ELECTRICAL-MAGNETIC TRANSPORT AND MAGNETORESISTANCE IN La0.7Ca0.3MnO3/Bi2O3 COMPOSITES

Abstract

The structure and electrical-magnetic transport properties of ( La 0.7 Ca 0.3 MnO 3)1-x/( Bi 2 O 3)x has been investigated systematically by conventional solid-state reaction method. The composite samples were obtained by pure La 0.7 Ca 0.3 MnO 3 (LCMO) and Bi 2 O 3 powders and sintered at different temperature (Ts) 800°C and 1300°C for 2 h. For Ts=800°C samples, the results of X-ray diffraction (XRD) and scanning electronic microscopy (SEM) indicate that Bi 2 O 3 and LCMO coexist in the composites and Bi 2 O 3 mainly segregates at the grain boundaries or grain surface of LCMO, and double peaks related to the metal-to-insulator (M–I) transition have been observed.
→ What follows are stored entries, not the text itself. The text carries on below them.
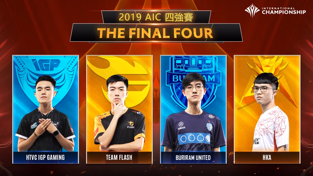 《Garena傳說對決》2019 AIC 國際賽四強名單出爐,GCS 賽區代表隊 HKA 於內戰中擊敗 ONE Team 強勢挺進四強,將與越南 AOG 賽區的 Team Flash(FL)、HTVC IGP Gaming(IGP)以及泰國 RPL 賽區的 Buriram United(BRU),四隊菁英隊伍一同爭奪《傳說對決》國際賽事最高榮耀!
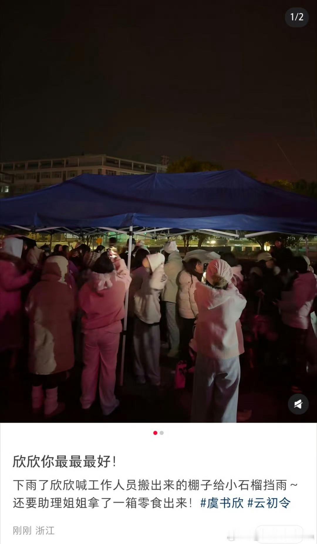 虞书欣今天给小石榴们发了零食还给粉丝们支了帐篷防止淋雨🥺好爱粉护粉的舒心宝宝,
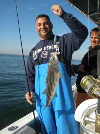 Good Friend, Hector, one of New York’s finest, came out to fish with Capt. Skip and put on a clinic, from start to finish! The Blackfish bite was sick, with some nice 4-7 lb. Slobs hitting the deck! At one point, Hector was lock and load, fish after fish. The rest of the gang gave up after the ” Hector Show” was to much to bear!. After limiting out, the gang went jigging for Blues and Bass, and once again, Hector had his day! Enough said…It was too crazy!!! In all , the Mailman, Rondini, Hector and Skip all caught some nice 4-7- lb. Tog. Rondini, was high hook with a nice 7 1/2 lb. Brute!

Corresponding to the two M–I transition peaks, the curves of magnetoresistance (MR) against temperature also showed two peaks for all composites. But for Ts = 1300°C samples, Bi 3+ ions mainly enter into the lattice of LCMO to form reaction products layer La 0.7-x Bi x Ca 0.3 MnO 3, only one peak occurs around the M–I transition temperature and the MR around T P has been enhanced. The results also indicate that the added Bi 2 O 3 has an important effect on the LFMR. These phenomena can be explained by the double exchange (DE) mechanism, the grain boundary effect and the intrinsic transport properties together. And the grain surface state of the particles is a key factor influencing the magnetoresistance effects.